Rock stars disappoint. One day preaching love and peace, the next up in court for assault. But out of all the politically-inspired popular musicians, none has managed to despoil the promise and sentiment of their own work to the degree Garrett-in-Labor has.

Rewind your memory. To the Oil’s heyday. Whether it be a singalong at Selina’s in ’78 or an explosive gig at the Hordern in ’87. And recall that shiver of excitement, that frisson of rebellion, at the drop-out lawyer with the gangly physique, the awesome voice and the frenetic dance moves, who in every note and dance step savaged the complacency of mainstream white Australia, berating us for our subservience to Uncle Sam, grabbing us by the throat and forcing us to face ourselves in the mirror over our neglect of our Aboriginal brethren, and flaying us alive for our trashing of the environment. Feeble politicians, conniving capitalists, evil company executives. They were all there, in a rogues gallery set to some of the most brilliant rock tunes ever written.

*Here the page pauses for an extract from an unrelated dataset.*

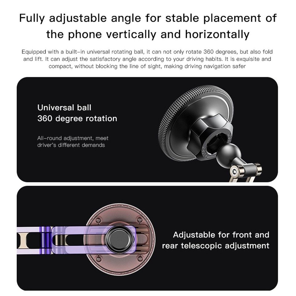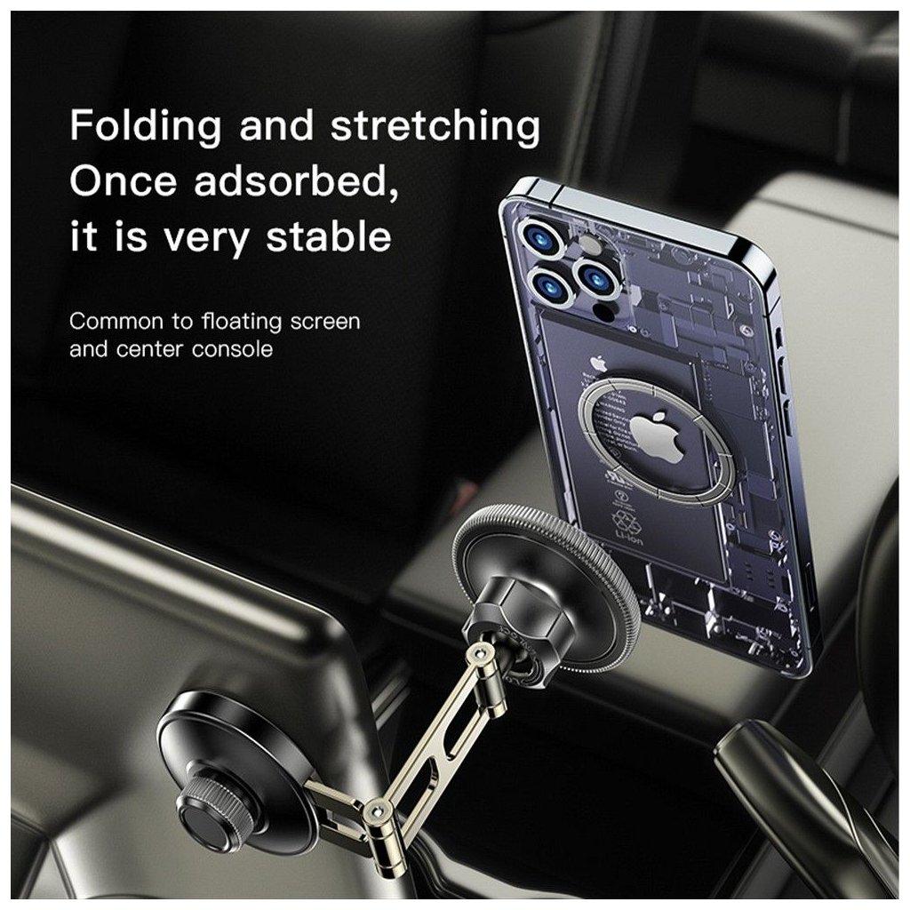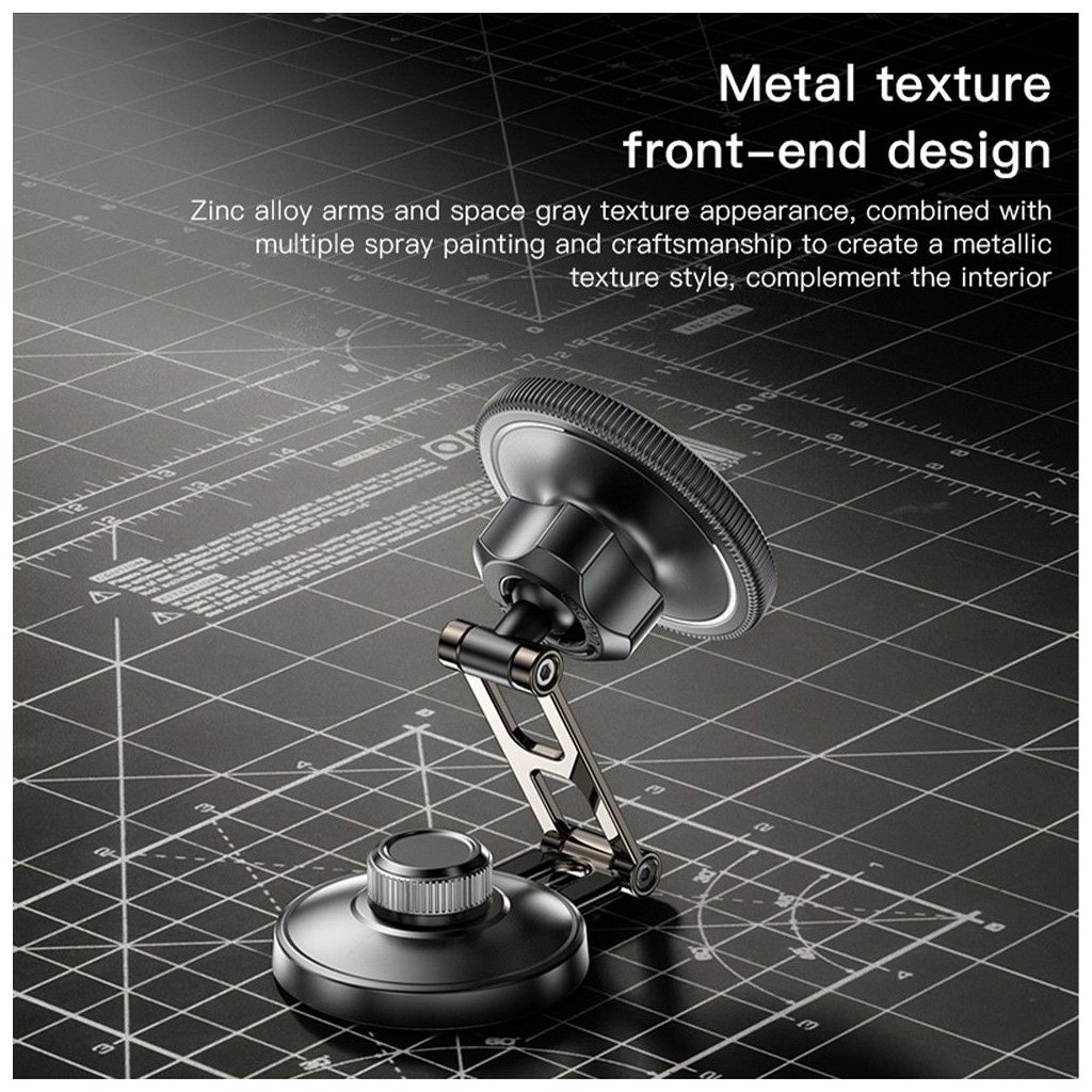 Magnetický držiak do auta je vyrobený z odolných materiálov, má skladacie kovové vyhotovenie a je voľne nastaviteľný. Možno ho pripevniť na čelné sklo, palubnú dosku alebo iný rovný povrch. Držiak je kompatibilný s technológiou MagSafe.

But what happens now? Does Garret simply stay schtum, whither on the vine and disappear in the wipeout of the next federal election?

Time is running out for Garrett to stand tall. Peter, pick an issue. Any one will do. And resign. Whether it be over your government’s failure to genuinely improve indigenous well being, or about the sale of uranium to India, or the basing of US forces in Oz, or off shore processing of asylum seekers, or mandatory detention, or your government’s inaction on whaling, or the threat of CSG mining, or any of the myriad issues you once were so passionate about. Do a Wilkie. Threaten to bring the whole show crashing down unless you get your way. Just once.

Better to die on your feet than to live on your knees.